Despite the high unmet needs within hepatocellular carcinoma (HCC), the market was stagnant from 2007 until 2018, when the FDA approved Eisai’s Lenvima (lenvatinib) in first-line advanced HCC. Currently, the HCC treatment landscape is continuing to change rapidly. Notably, the combination of Genentech’s Avastin (bevacizumab) and Tecentriq (atezolizumab) for the treatment of first-line advanced HCC, which was approved in May 2020, was more effective than the previous standard of care, Bayer’s Nexavar (sorafenib). Patients with advanced HCC are not suitable for curative treatments due to the extent of the disease and reduced liver function. Therefore, non-curative treatments such as systemic therapy aim to escalate survival and improve the patient’s quality of life. Numerous ongoing Phase III clinical trials are aiming to expand HCC treatment options even further. Current mechanisms of action (MOAs) under investigation in Phase III trials to treat patients with advanced HCC include multikinase inhibitors, angiogenesis inhibitors, and immuno-oncology agents (PD-1/PD-L1 and CLTA-4 inhibitors).

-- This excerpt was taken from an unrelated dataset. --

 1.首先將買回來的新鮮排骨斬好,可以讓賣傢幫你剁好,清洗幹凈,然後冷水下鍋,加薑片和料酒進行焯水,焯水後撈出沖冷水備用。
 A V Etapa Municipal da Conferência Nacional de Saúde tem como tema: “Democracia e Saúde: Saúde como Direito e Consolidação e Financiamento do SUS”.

Phase I and II pipeline also contains novel MOAs, such as immunomodulators, protein/peptide-based cancer vaccines, a stemness inhibitor, adoptive cellular therapy, and chemotherapy. Key opinion leaders interviewed by GlobalData noted that adoptive cellular therapy is an emerging novel target that may change HCC treatment practice.

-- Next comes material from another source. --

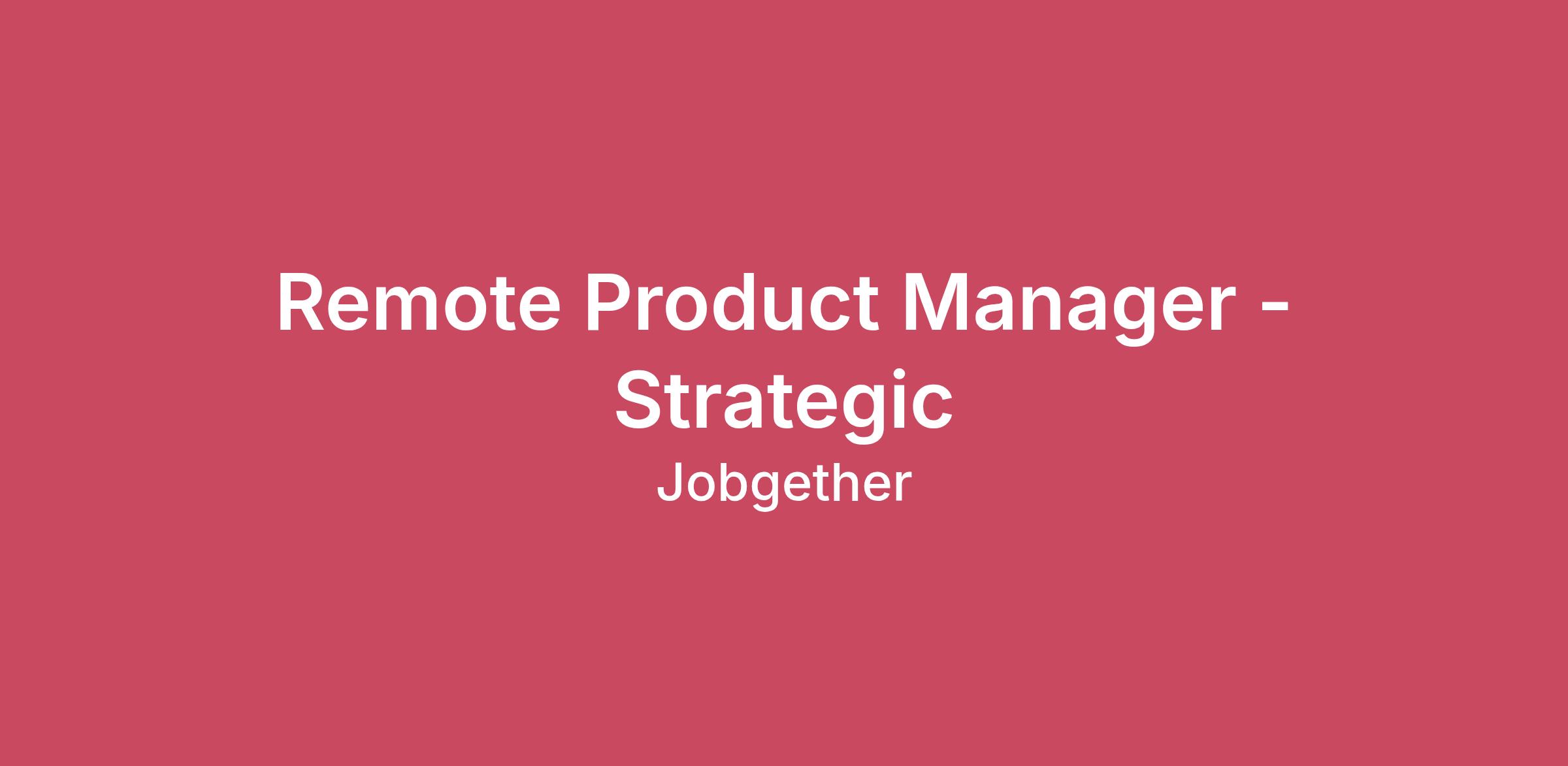 Remote Product Manager - Strategic

The HCC systemic therapy landscape has evolved not only in the advanced stage but also in the earlier stages of HCC. Currently, patients with early stage HCC receive surgical resection, transplantation, and ablation. While adjuvant therapy has improved outcomes over surgery alone in other cancer types, there are no such therapies to decrease the incidence of recurrence in HCC. Similarly, patients with intermediate HCC with more widespread liver-confined disease have limited treatment options that consist of locoregional therapies, such as transarterial embolization (TACE). Systemic therapies are being investigated in combination with surgery as adjuvant therapy for early stage patients and as combinations with TACE for intermediate-stage patients. Label expansions into early and intermediate HCC would be an effective strategy for companies to gain market share in this space.
Figure 1 presents the crowded Phase I, II, and III agents in HCC, segmented by MOA.

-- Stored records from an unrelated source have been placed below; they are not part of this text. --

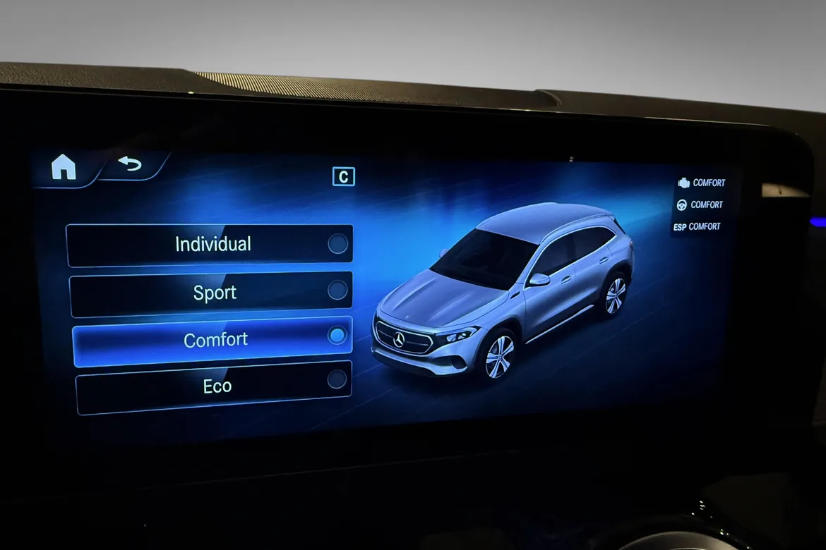 EQA 300 leverer sterke ytelser med to elektriske motorer og rask respons, samtidig som den byr på stillegående og komfortabel fremdrift. Bilen har tilhengerfeste og kan trekke 1800 kg.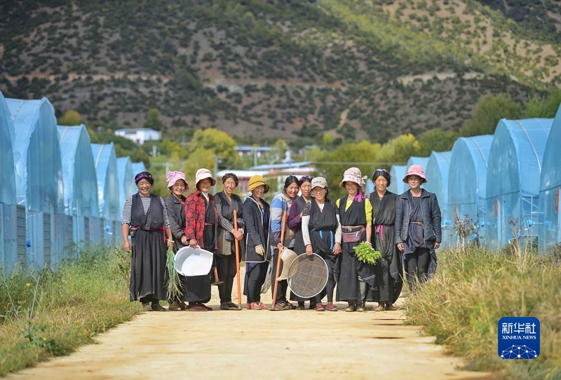 2021年10月22日,郎達村村民在得榮縣藥材種植示范基地內(nèi)合影。 新華社記者 劉坤 攝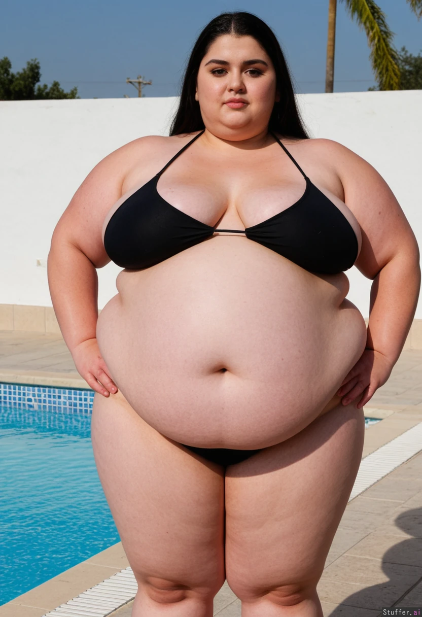 Italian women 28 years old Olive skin Long black hair (Chubby cheeks) Very beautiful (Extremely cute face) Big nose (Big beautiful brown eyes) Big eyelashes Big lips (Big boobs) ((Round face)) Double chin (Chubby lower belly) ((Amazing cleavage)) (Black string bikini) Bare foot Standing next to a pool (Full body view standing) (Slightly pudgy body) Bloated belly Very skinny ((Extreme weight gain: 1.8))

Figure 1: Overview of the HCC Development Pipeline.
The needs in the HCC space are likely to be met, as many new therapies entering the market have different MOAs and are aiming to meet needs in different treatment settings. The variety of pipeline products for the early, intermediate, and advanced HCC settings brings hope for improvements to the cure rate for early stage HCC and survival for all stages.